What to work on:
The lines below, from the first through the one containing "Tobias Schutz, Technischer", are to be given again exactly, with pictures left out and nothing added.

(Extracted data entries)
BEGIN

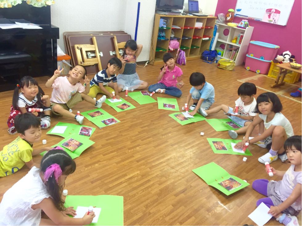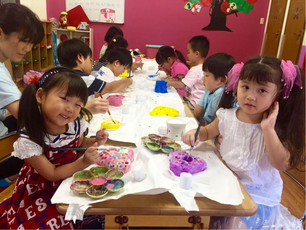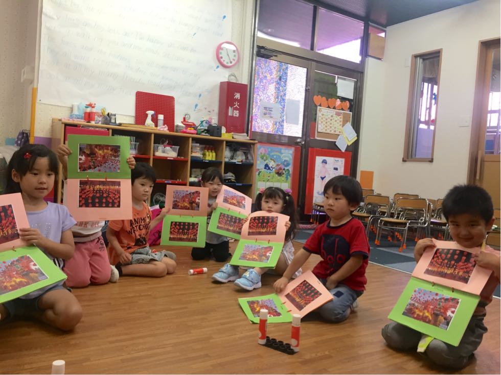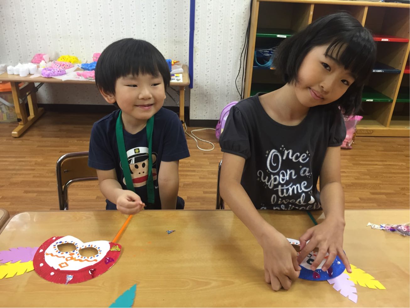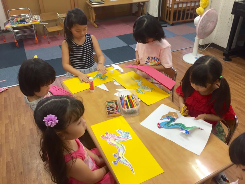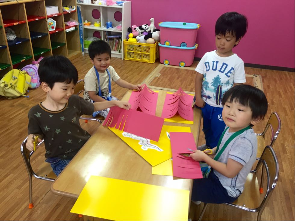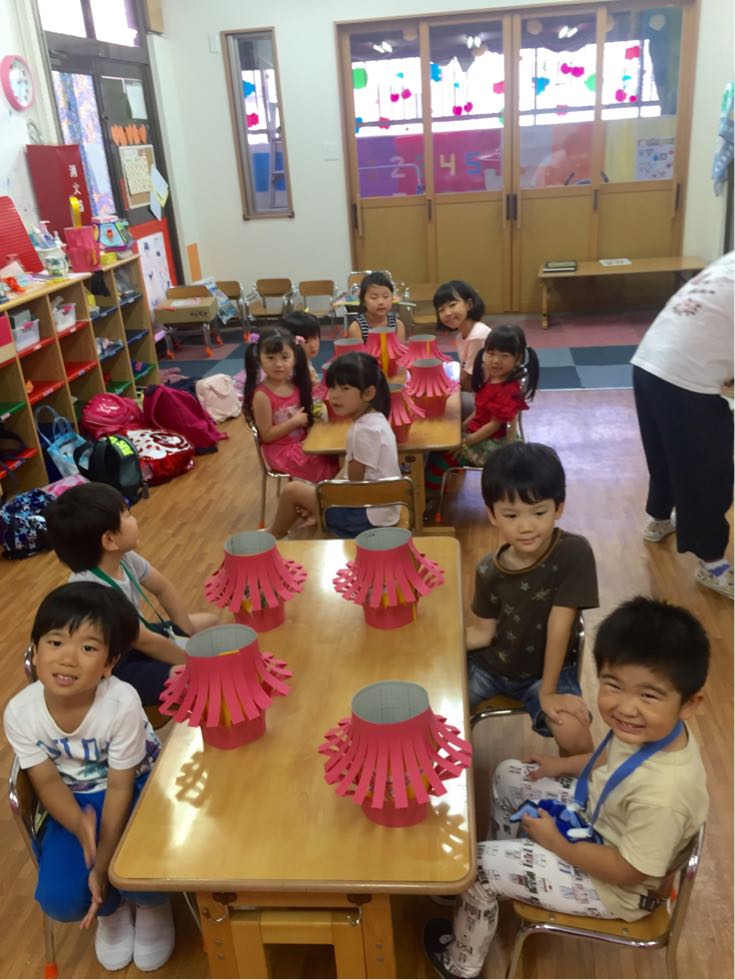 In the afternoon, we made chinese lanterns with the construction papers and yarns.
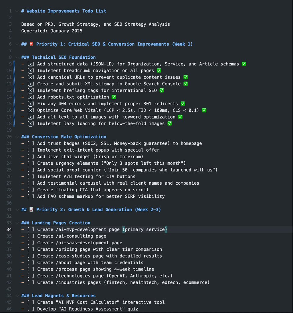 - 根據 PRD 文檔和 SEO 策略文檔,生成可以改進的 todo list 並保存
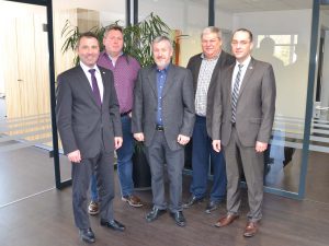 Tobias Schutz, Technischer Dezernatsleiter, Bernd Kippenhan, Amtsleiter für das Amt für Infrastruktur und Guido Brode, Personalratsvorsitzender, schlossen sich den Glückwünschen an und übergaben dem Jubilar ein Präsent.
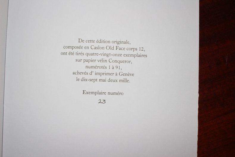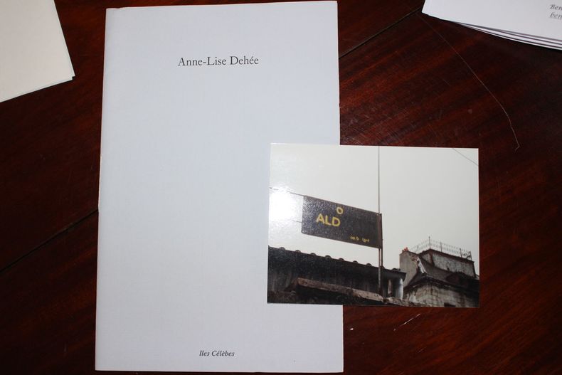 Genève, Iles Célèbes, 2000. In-8, [20]p. Edition originale tirée à 91 exemplaires, sur papier vélin Conquéror (bleu), ici le n°23. Cet ouvrage contient trois poèmes dont un dédié à Alain-Pierre Pillet (1947-2009) (n°0014). Broché, très bel exemplaire. On joint une photo prise par Pillet en avril 2000, signée au dos APP. Cette photo représente un panneau en partie effacé sur lequel le nom quasi-effacé laisse apparaître trois lettres : ALD, les initiales de Anne-Lise Dehée.
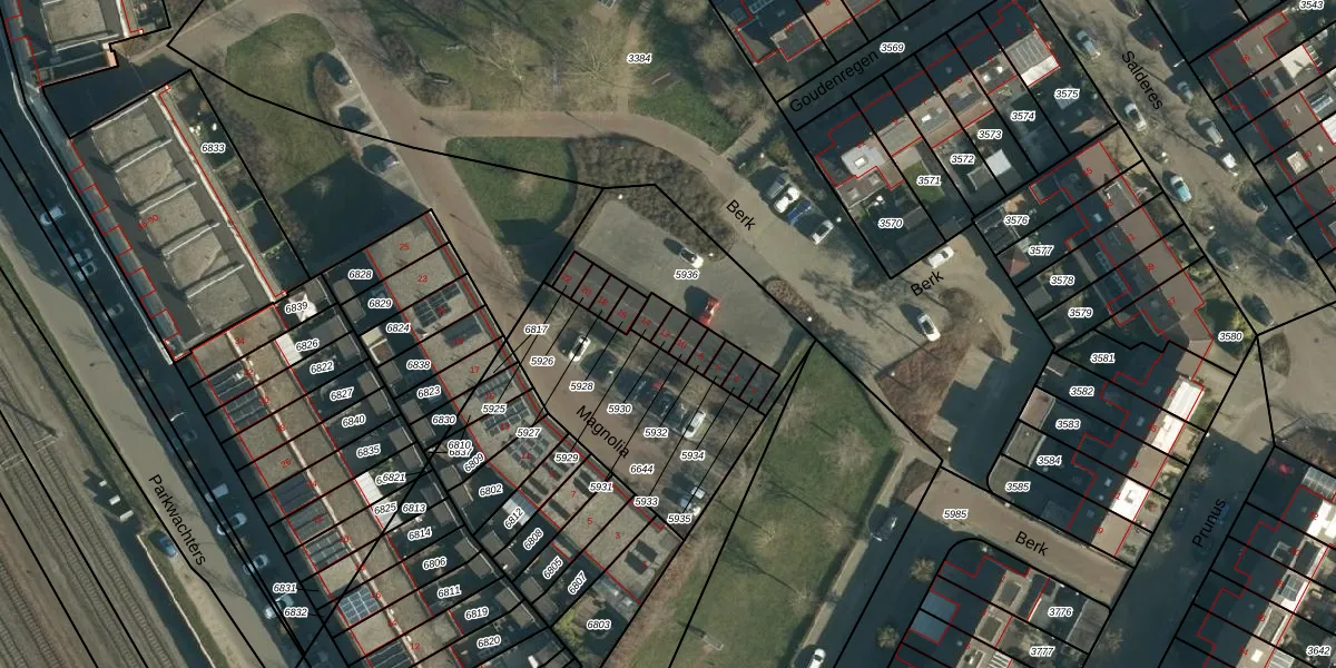 Het perceel waarop Berk 12 staat heeft een oppervlakte van 20 m². Dit is een klein perceel. De perceeloppervlakte wordt geregistreerd door het Kadaster. Gedetailleerde informatie over de maten van dit perceel kunt u vinden in het rapport Kadastrale kaart met maatvoering van Berk 12.
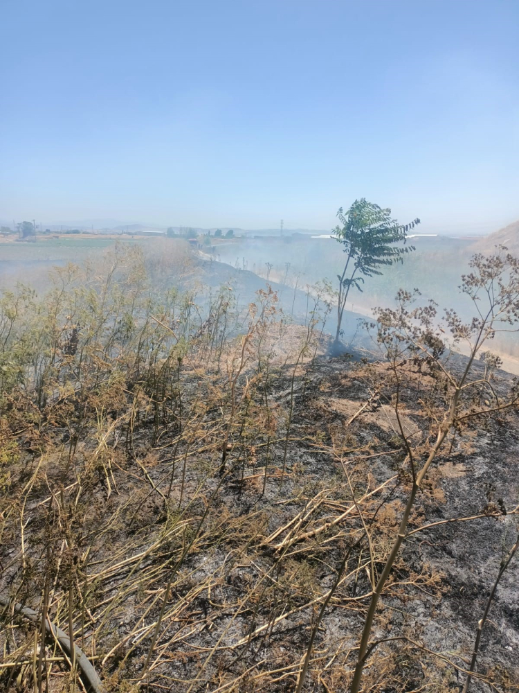 Karesi ilçesine bağlı Üçpınar mahallesinde hasat yapıldıktan sonra tarlalarda kalan anızlar nedeni bilinmeyen bir nedenle ateş aldı.
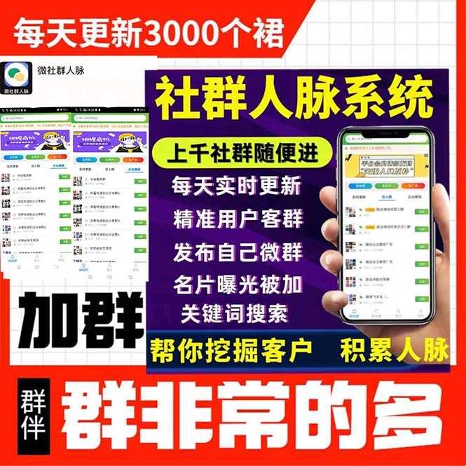 (5203期)拓客引流必备-微信群采集系统,每天实时更新1000+微信群

END

Exercise response:
 In the afternoon, we made chinese lanterns with the construction papers and yarns.
 - 根據 PRD 文檔和 SEO 策略文檔,生成可以改進的 todo list 並保存
 Tobias Schutz, Technischer Dezernatsleiter, Bernd Kippenhan, Amtsleiter für das Amt für Infrastruktur und Guido Brode, Personalratsvorsitzender, schlossen sich den Glückwünschen an und übergaben dem Jubilar ein Präsent.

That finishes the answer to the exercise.